With cyber threats increasingly common and sophisticated, Nordic companies have also begun to realise that it is not enough simply to sort out their own security. In April, a group of Nordic banks, including industry giants Nordea and Danske Bank, announced a collaborative venture called Nordic Financial CERT (Computer Emergency Response Team).
Morten Tandle, head of the CERT, said: “For financial institutions, or anyone else who is defending against cyber attacks, being able to share information about these incidents is key. But there are still quite a lot of inhibitors for this.”
Key among these inhibitors are the legal restrictions concerning financial information, but Tandle said there was also still a tradition of “closed doors” in the security community. The Nordic Financial CERT aims to change this by taking its operational model from its Norwegian equivalent, FinansCERT. This means annual face-to-face meetings, weekly online meetings for situational check-ups, a digital portal for information sharing, and interaction and coordinated responses in the event of an IT incident.
Taking this a step further, Swedish government agencies can no longer choose to share information on major IT incidents – they have been required to report them to the Swedish Civil Contingencies Agency (MSB) since April 2016. The MSB’s head of cyber security, Richard Oehme, said it would take years to have the system fully in place, but he was already seeing the benefits.
“Before this, we had reports and dialogue, but now we know we get almost everything ‘into our basket’,” said Oehme. “It has already given us extremely valuable information about those incidents. Now we have to use those experiences to implement different sorts of guidelines for government agencies and the rest of the society.”
MSB says about one-third of the 350 IT incidents reported so far have resulted from cyber attacks.
Protect your crown jewels
Oehme believes Swedish organisations, both public and private, are well aware of today’s cyber threats, but their level of preparedness varies widely. For him, a positive shift in the past few years has been cyber security moving from an IT-only issue to be part of board-level discussions – but issues still remain.
Oehme advocates better risk assessment and contingency plans for all types of cyber incident. Organisations must assume that such incidents will happen and define what their “crown jewels” are – the areas where no risks are taken, he said.
“If you don’t do that at the beginning, you are going to be vulnerable to all different types of disturbances, from bad management to bad security and cyber attacks,” he said. “There is still a huge need for this, as I see it from the Swedish standpoint, and I don’t think it is any different in the rest of the Nordics.”
And the numbers back him up. PwC’s survey shows that 43% of its Swedish respondents have some kind of incident response plan in place for cyber crime, while the figure is 41% for the Nordics and 37% globally, but only 35% in Finland.

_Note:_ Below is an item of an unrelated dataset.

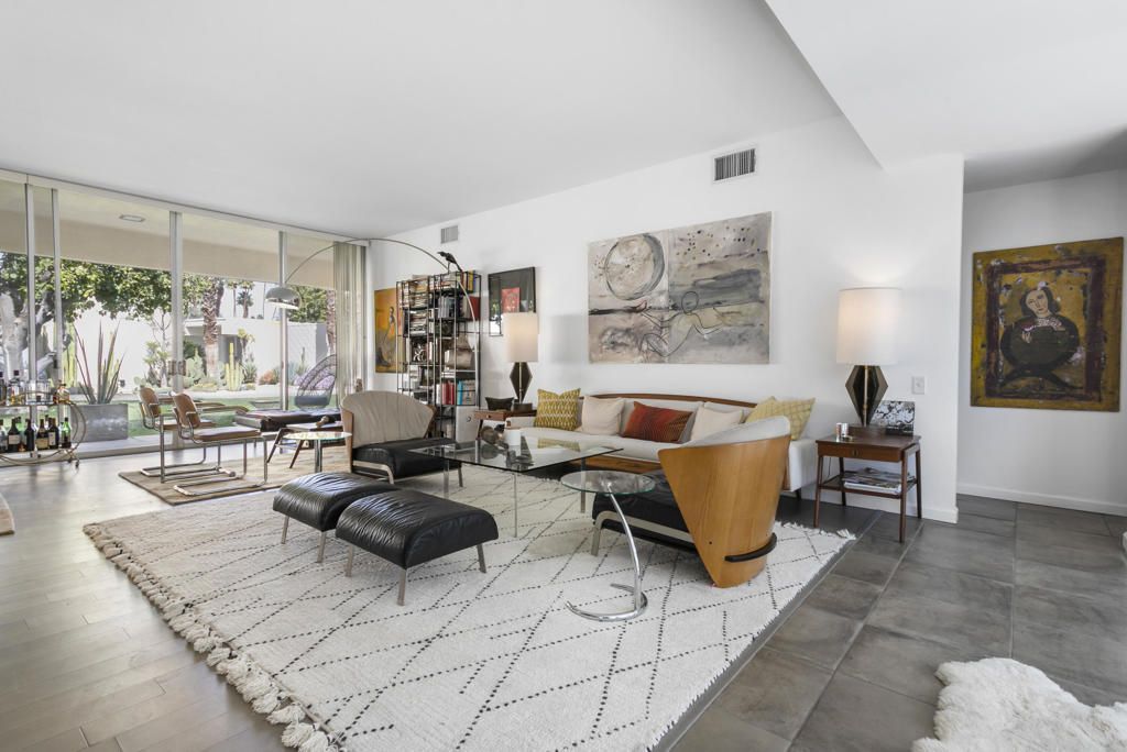 Discover one of the best values in Palm Springs with this beautifully updated 2-bedroom, 2-bath residence--an exceptional opportunity to own a piece of architectural heritage. Designed in 1964 by Richard E. Harrison and among the original homes in the sought-after Seven Lakes Golf & Country Club, this property seamlessly combines iconic mid-century design with modern upgrades. The thoughtfully renovated interior features a sleek, contemporary kitchen and stylishly upgraded bathrooms, complete with high-end finishes and premium appliances. Expansive walls of glass flood the home with natural light, enhancing the open-concept layout and creating a seamless indoor-outdoor flow--ideal for embracing the Palm Springs lifestyle. The flexible second bedroom easily serves as a guest retreat or home office, featuring large sliding glass doors that frame mountain views and open directly to a private courtyard. Designed with efficiency in mind, the home includes an upgraded electrical panel, new HVAC and solar energy system to help reduce utility costs. Additional highlights include a private garage with ample storage. Located within a secure, gated community, residents enjoy resort-style amenities including a clubhouse with dining and bar, multiple heated pools and spas, a Ted Robinson-designed golf course, plus tennis and pickleball courts--offering an elevated living experience year-round.

Similarly, IDC Nordic found that only half of the Nordic organisations surveyed have a strategic IT investment plan and only 28% invest proactively, although these types of organisation were less likely to suffer a security breach.
This ties in with Limnéll’s view that too many Nordic companies still view cyber security as something to fix once and then forget about for a while.
“Although in general it feels that companies are better prepared for cyber threats, they are yet to understand that cyber security is dynamic,” said Limnéll. “The big challenge, now that we have started to make progress and understand these phenomena and prepare for them, is how to follow on and keep up with the constantly changing threat landscape.”